About 7.6% of patients who undergo C/S develop infection within 30days during the puerperium. Up to 80% of these infections occur after discharge from hospital. Only about 1.8% occur before hospital discharge. (32) Another study had shown that SSI occurred between the 3rd and 22nd day postoperatively with a median time of occurrence of 7days post operation.(46) This current study is consistent with the above findings: One of the patients (6%) was noted to have developed SSI by the 3rd day post operatively and the rest (94%) on the 2nd and 6th week post operatively.

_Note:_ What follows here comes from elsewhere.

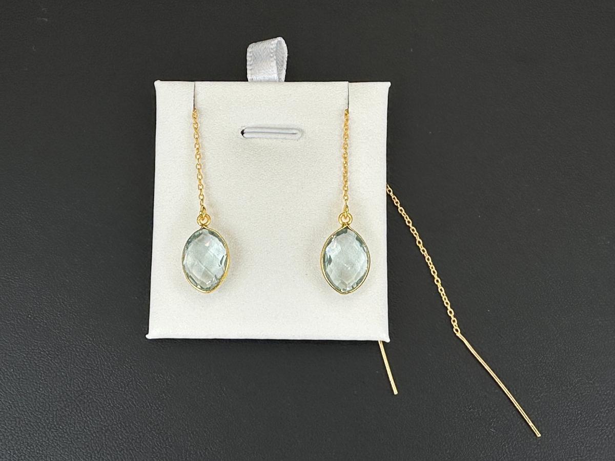 Earrings 925 Silver-Tone, Gold-Plated Aquamarine Gemstone

The experience of surgeons performing the C/S is a critical determinant of SSI. In a study on the incidence of post C/S by Mpogoro et al, it was shown that operations performed by an intern or junior surgeon increased the risk for SSI by 4 folds.(46) In the current study, however, SSI incidence among patients operated on by senior resident doctors was found to be higher (70%) than that of junior resident doctors (30%). This finding may be due to the fact that senior resident doctors did a larger number 86(50%) of the elective C/S than the junior resident doctors 68(40%). It could also be due to complacency on the parts of senior resident doctors in observing the basic tenets of surgery. The current study also showed that the incidence of SSI is higher 11(70%) with prolonged duration of surgery (> 60minutes) and this is consistent with findings from previous studies.(47,48) This study showed that patients who had spinal anaesthesia had higher incidence of SSI 15(93.8%) than those who had general anaesthesia 1(6.2%) and patients who had low transverse skin incision (pfannenstiel) had higher incidence of SSI 14(87.5%) than those who had midline skin incision 2(12.5%). This is not consistent with findings from previous studies.(41,42,45) This is because a very small proportion of the patients had general anaesthesia (3%) and midline incision (4%).